Comparison of allergenicity and allergens between fish white and dark muscles

• Published in: Allergy (Copenhagen) Vol. 61; no. 3; pp. 357 - 363
• Main Authors: Kobayashi, A., Tanaka, H., Hamada, Y., Ishizaki, S., Nagashima, Y., Shiomi, K.
• Format: Journal Article
• Language: English
• Published: Oxford, UK Munksgaard International Publishers 01.03.2006; Blackwell
• Subjects: allergenicity; Allergens - adverse effects; Allergens - immunology; Allergic diseases; Animals; Biological and medical sciences; Cloning, Molecular; dark muscle; DNA, Complementary - analysis; Enzyme-Linked Immunosorbent Assay; fish; Fishes; Food Hypersensitivity - diagnosis; Food Hypersensitivity - immunology; Fundamental and applied biological sciences. Psychology; Fundamental immunology; Humans; Hypersensitivity, Immediate - diagnosis; Immunoblotting; Immunologic Tests - methods; Immunopathology; Medical sciences; Muscle, Skeletal - immunology; parvalbumin; Parvalbumins - analysis; Parvalbumins - immunology; Reverse Transcriptase Polymerase Chain Reaction; Risk Factors; Scomber; Sensitivity and Specificity; white muscle; Immunopathology; Food allergy; Food allergen; Immune response; Calcium; white muscle; Allergenicity; Parvalbumin; Inorganic element; Binding protein; Immunology; dark muscle; Digestive diseases; Fish; Muscle; Comparative study; Allergen
• ISSN: 0105-4538; 1398-9995
• DOI: 10.1111/j.1398-9995.2006.00966.x

Background:  Fish is one of the most frequent causes of immunoglobulin E (IgE)‐mediated food allergy. Although the fish dark muscle is often ingested with the white muscle, no information about its allergenicity and allergens is available.
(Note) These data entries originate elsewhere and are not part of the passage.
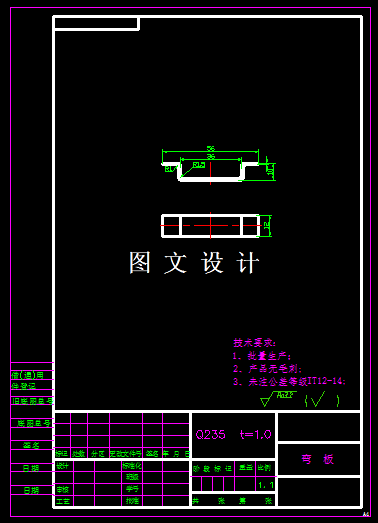 此零件属于四角弯曲零件,零件基本工序有落料,弯曲,而且零件的外形规则,为了提高材料利用率,利用切断的工艺,将原材料板材设计成宽度需要的尺寸,直接利用切断弯曲的工艺,设计复合模,计算展开尺寸,设计定位装置,并绘制模具结构和零件图。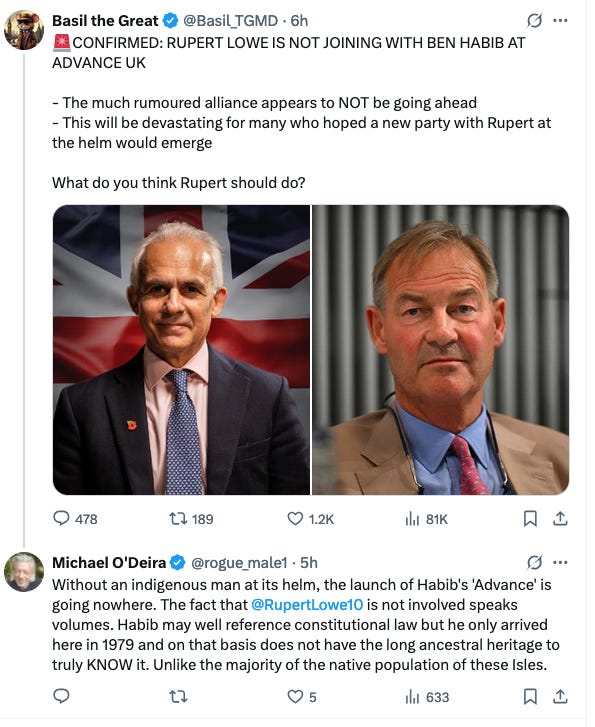 In this discourse, I ramble over the uneven terrain of the current state of the Isles of Britain – from the doomed attempt of Ben Habib to label himself the “Leader in Waiting” of his new political vehicle to the pathetic events of Glastonbury, the absolute state of the music industry and to the inevitable rise of the Men of the Isles of Britain, as exemplified by Rupert Lowe’s new “Restore Britain”.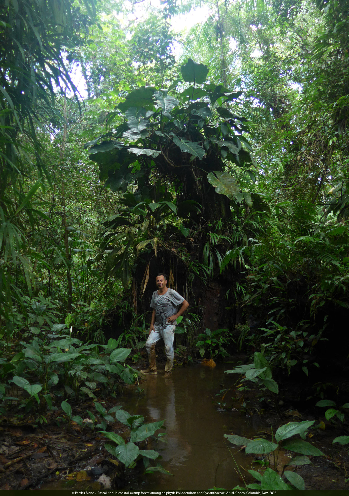 Patrick Blanc in coastal fresh swamp forest, Arusi, Nuqui, Choco, Colombia, Nov. 2016

Methods:  Heated extracts were prepared from both white and dark muscles of five species of fish and examined for reactivity with IgE in fish‐allergic patients by enzyme‐linked immunosorbent assay (ELISA) and for allergens by immunoblotting. Cloning of cDNAs encoding parvalbumins was performed by rapid amplification cDNA ends. Parvalbumin contents in both white and dark muscles were determined by ELISA using antiserum against mackerel parvalbumin. Results:  Patient sera were less reactive to the heated extract from the dark muscle than to that from the white muscle. A prominent IgE‐reactive protein of 12 kDa, which was detected in both white and dark muscles, was identified as parvalbumin. Molecular cloning experiments revealed that the same parvalbumin molecule is contained in both white and dark muscles of either horse mackerel or Pacific mackerel. Parvalbumin contents were four to eight times lower in the dark muscle than in the white muscle. Conclusions:  The fish dark muscle is less allergenic than the white muscle, because the same allergen molecule (parvalbumin) is contained at much lower levels in the dark muscle than in the white muscle. Thus, the dark muscle is less implicated in fish allergy than the white muscle.